▸ **RECORDS**:
-- Opening Marker --
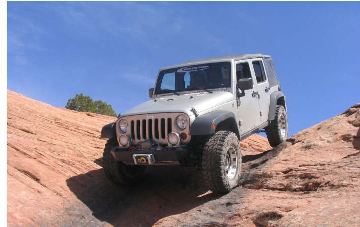
Hells gate, Moab UT
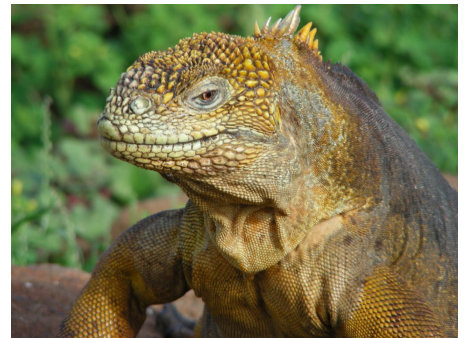
Land iguana ( Conolophus subcristatus )
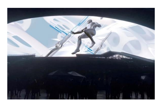
Figure 9. "Oscillation. Shards". Ak Bars Arena Stadium. NUR, International Media Art Festival, 2021 (Kazan). Meta Rite
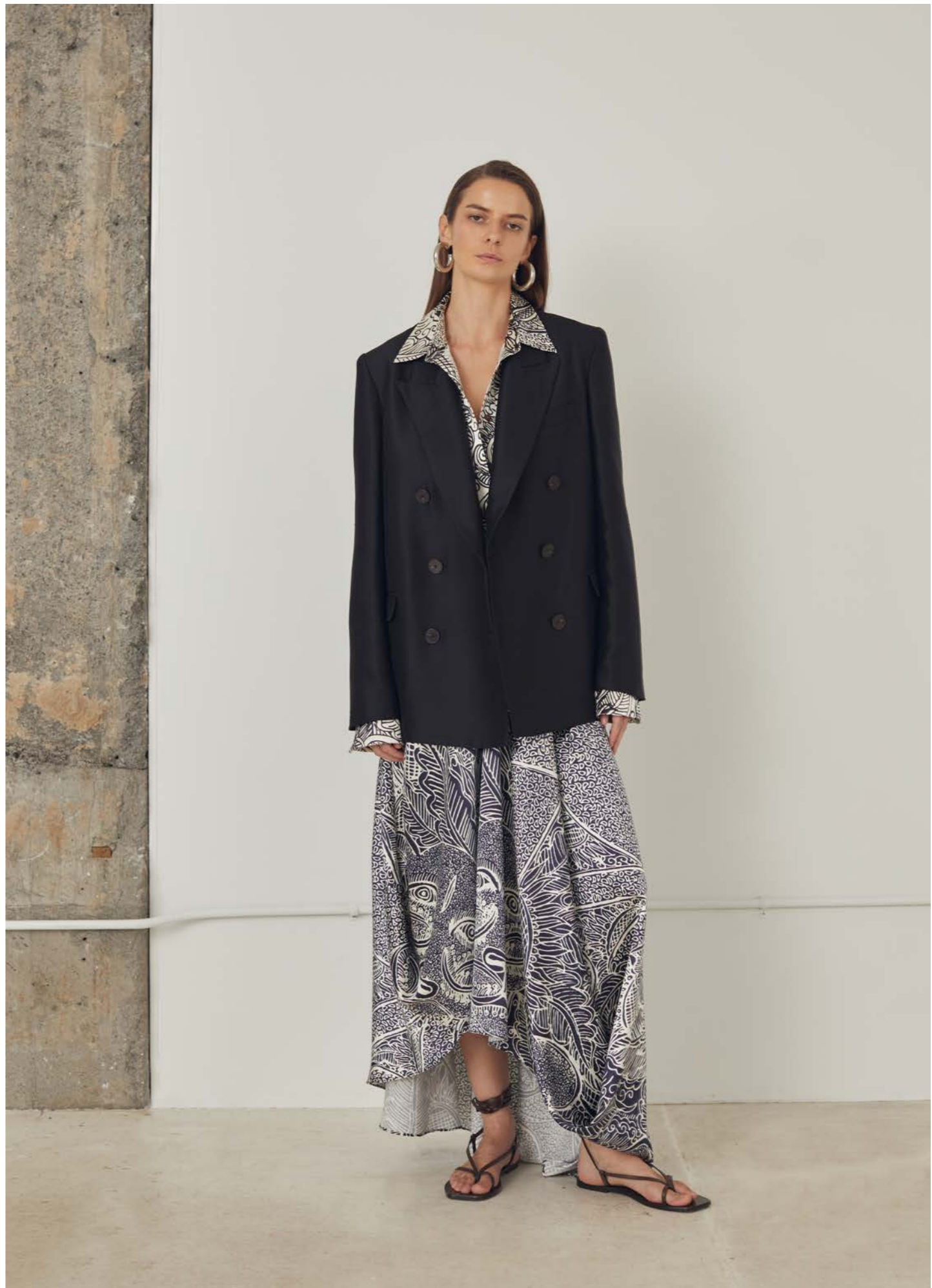
LOOK 16 JGR Shirt, Sara Skirt in JGR print + Victoria Blazer
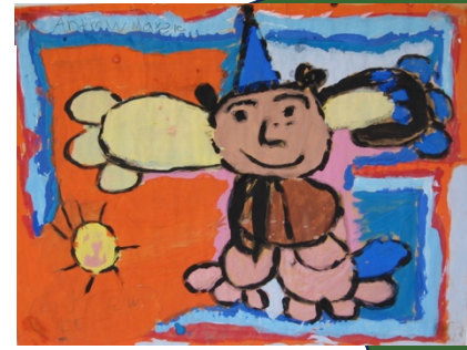
1 st Grade Clown Painting

A transfer to Orlando led to starting an art program in an inner-city school, with a yearly budget of 18 cents per student. I enjoyed the challenge of finding inventive solutions. "Found materials" projects made the cover of Arts & Activities . We used squirt bottles for water, phone books for paper towels, printmaking, ironing batiks, and more. I still treasure the lessons I learned.
-- Closing Marker --
▸ **WORK INSTRUCTION**: Reproduce all of the entries above word for word, but leave out their pictures.

▸ **RESPONSE AREA**:
Hells gate, Moab UT
Land iguana ( Conolophus subcristatus )
Figure 9. "Oscillation. Shards". Ak Bars Arena Stadium. NUR, International Media Art Festival, 2021 (Kazan). Meta Rite
LOOK 16 JGR Shirt, Sara Skirt in JGR print + Victoria Blazer
1 st Grade Clown Painting

A transfer to Orlando led to starting an art program in an inner-city school, with a yearly budget of 18 cents per student. I enjoyed the challenge of finding inventive solutions. "Found materials" projects made the cover of Arts & Activities . We used squirt bottles for water, phone books for paper towels, printmaking, ironing batiks, and more. I still treasure the lessons I learned.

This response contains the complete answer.